**How to complete this task**
All that is needed is the run of lines from the top of the entries to the line with "On the Naming", that line included, repeated exactly and free of pictures.

──────── Records to use

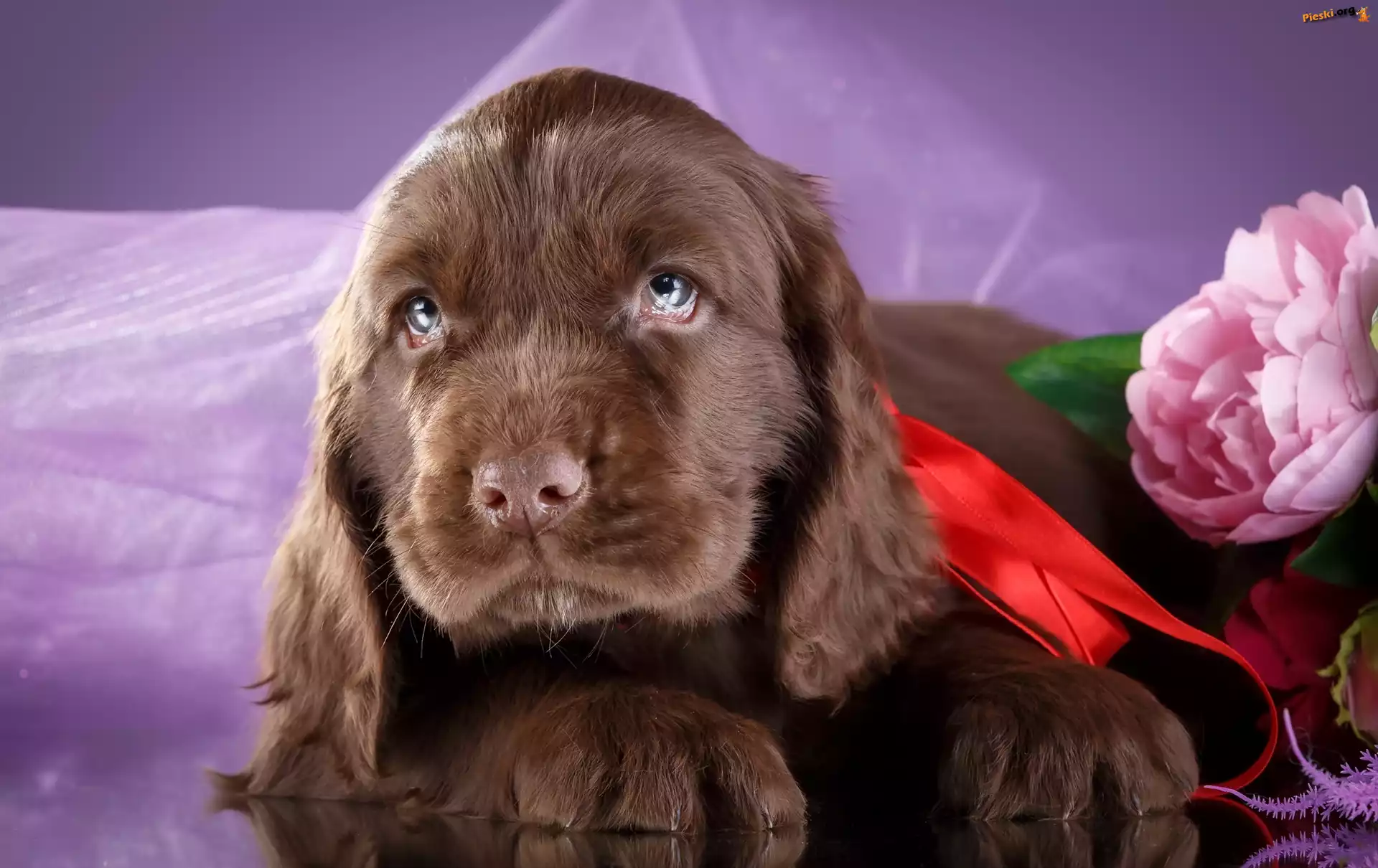 Kwiat, Szczeniak, Spaniel, Piwonia
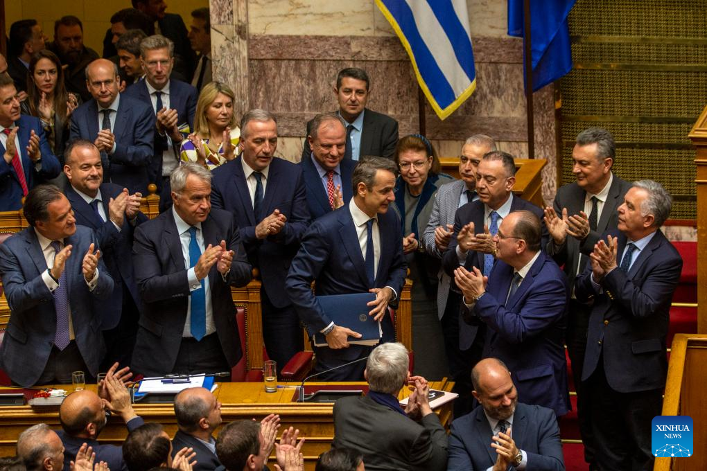 Greek Prime Minister Kyriakos Mitsotakis (C) is congratulated at the Greek Parliament in Athens, Greece, on March 28, 2024. The Greek government survived on Thursday a no-confidence motion tabled by the opposition over the handling of a series of crises and challenges, including a deadly train accident with 57 fatalities last year. (Xinhua/Marios Lolos)
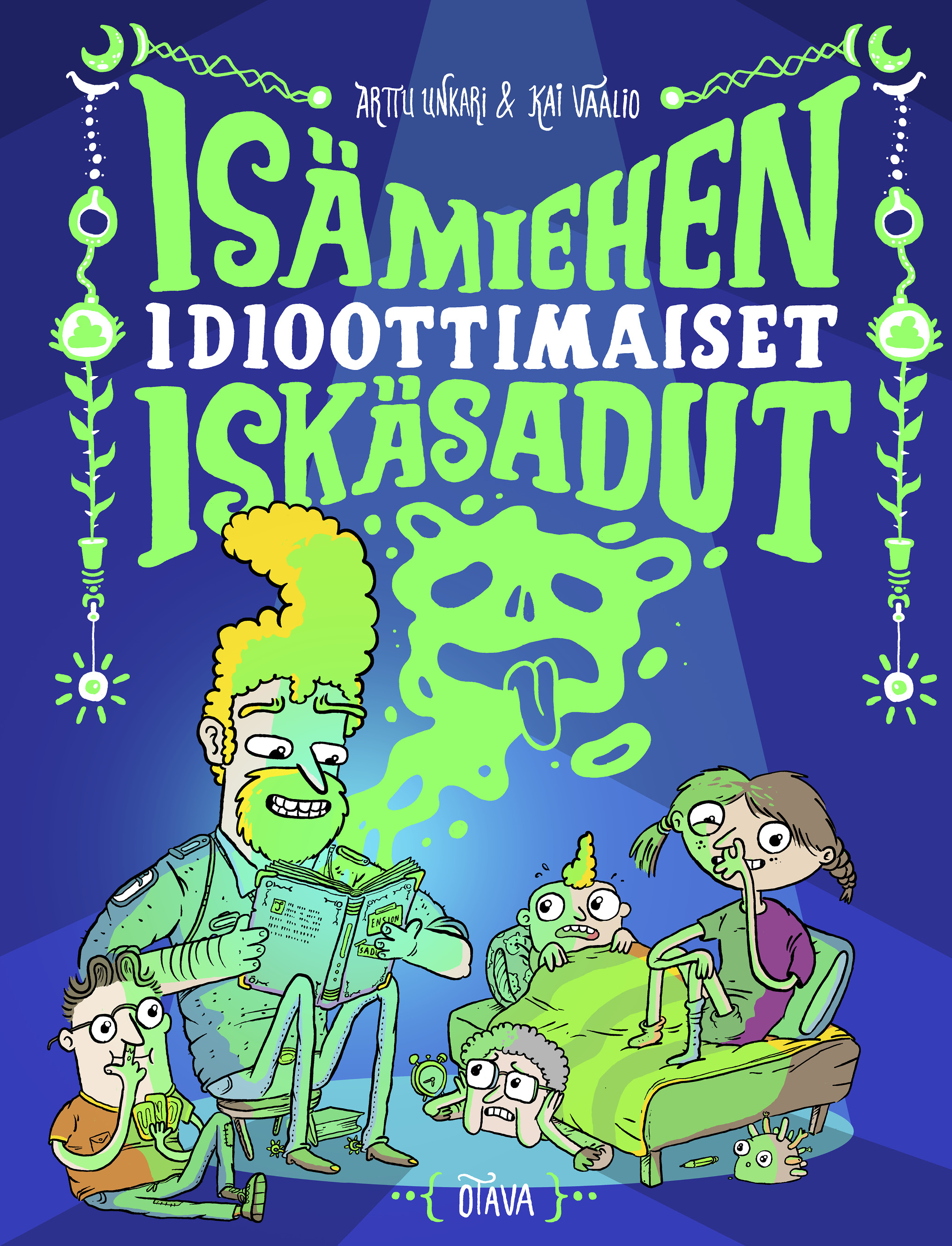 Arttu Unkari on helsinkiläinen alakoulun opettaja ja lastenkirjailija. Kai Vaalio on lahtelainen graafikko, kuvittaja, sarjakuvataiteilija ja matkakirjailija.
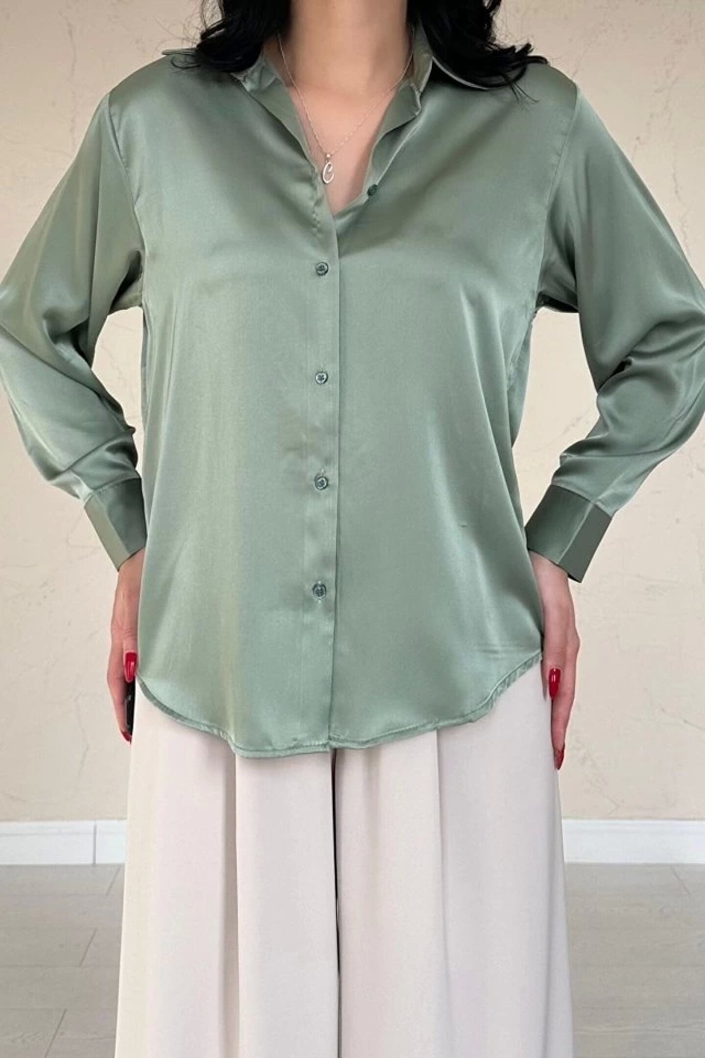Mint Saten Gömlek
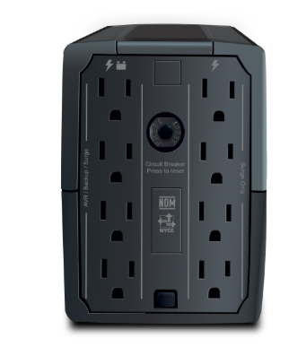 Interactivo de línea de 1000 VA con 8 tomacorrientes NEMA 5-15, diseñado para el hogar y la oficina. Baterías internas selladas de plomo-ácido, regulador de voltaje, supresor de sobretensiones y tomacorrientes de derivación para cargas mayores. Proporciona alimentación continua a routers wifi, sistemas de alarma y equipos informáticos. Las alarmas audibles indican el funcionamiento y el nivel de batería. Certificado por las agencias reguladoras NOM, ISO9001-2015, ISO14001 y RETIE.
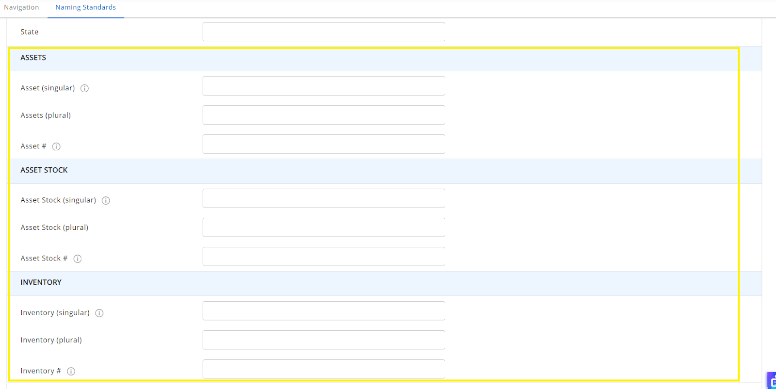 On the Naming Standards tab, you can enter customized names for Asset, Asset Stock, and Inventory as shown below.
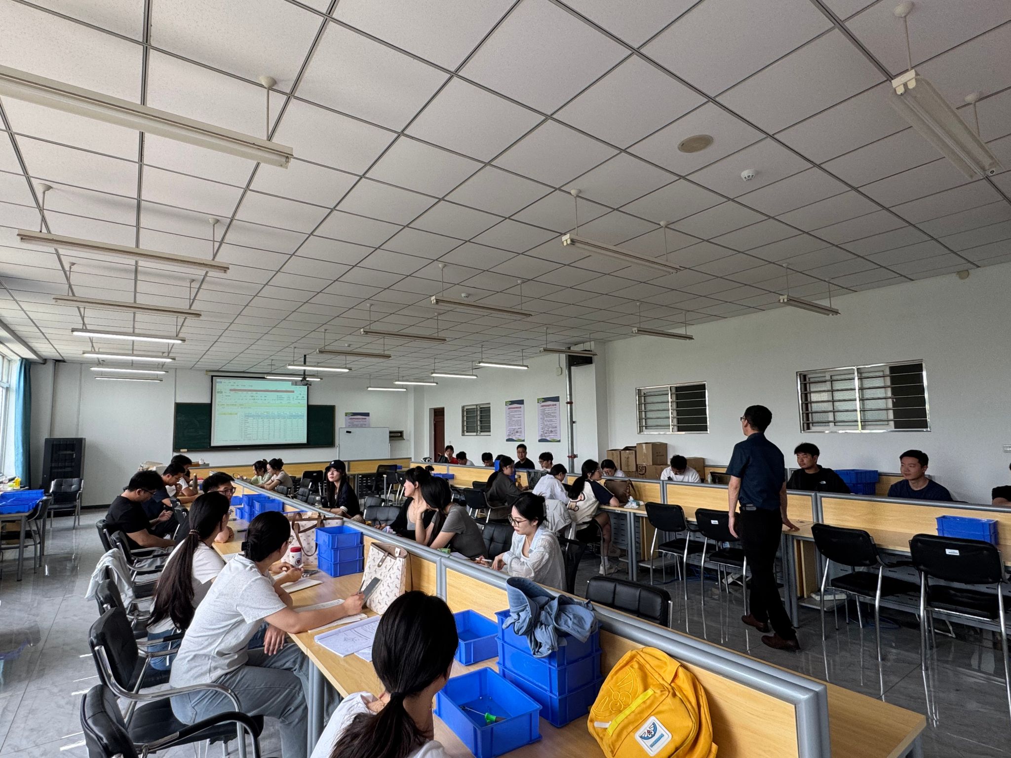 在实训启动日,高老师将同学分成两组并选出小组长,迅速建立专业化的协作体系。组长基于工业工程思维规划,分别设立流水线组、库存管理组、精益改善组和质量检测组,通过标准化的分工模式,使学生直观理解生产系统中“人、机、料、法、环”的协同逻辑。次日,实训聚焦方法论的实际应用,学生系统学习工序流程图绘制技术、5S现场管理体系及价值流图分析工具,通过可视化建模精确定位瓶颈工序。第三天,学生进行生产布局结构性改造,优化库存区至组装工位正前方,按“零件上线——部件组装——总装调试”的工艺顺序规划人员站位,形成“U型”紧凑布局。第四天,开展关键优化,利用秒表计时法精确拆解各工序耗时,启动了“人员精简化+工序模块化”改革,将组装人员从11人压缩至5人,通过IE工程合并重叠工序,建立标准化作业看板,完美诠释了“消除浪费即创造价值”的精益哲学。在周五的结营分享会上,各组成员分享了心得体会。同学们普遍认为,当5人团队实现超越11人的效率时,深刻认识到精益不仅仅是减少人员数量,而是通过流程重构释放系统潜能。

────────────────

**Response below**
 Kwiat, Szczeniak, Spaniel, Piwonia
 Greek Prime Minister Kyriakos Mitsotakis (C) is congratulated at the Greek Parliament in Athens, Greece, on March 28, 2024. The Greek government survived on Thursday a no-confidence motion tabled by the opposition over the handling of a series of crises and challenges, including a deadly train accident with 57 fatalities last year. (Xinhua/Marios Lolos)
 Arttu Unkari on helsinkiläinen alakoulun opettaja ja lastenkirjailija. Kai Vaalio on lahtelainen graafikko, kuvittaja, sarjakuvataiteilija ja matkakirjailija.
Mint Saten Gömlek
 Interactivo de línea de 1000 VA con 8 tomacorrientes NEMA 5-15, diseñado para el hogar y la oficina. Baterías internas selladas de plomo-ácido, regulador de voltaje, supresor de sobretensiones y tomacorrientes de derivación para cargas mayores. Proporciona alimentación continua a routers wifi, sistemas de alarma y equipos informáticos. Las alarmas audibles indican el funcionamiento y el nivel de batería. Certificado por las agencias reguladoras NOM, ISO9001-2015, ISO14001 y RETIE.
 On the Naming Standards tab, you can enter customized names for Asset, Asset Stock, and Inventory as shown below.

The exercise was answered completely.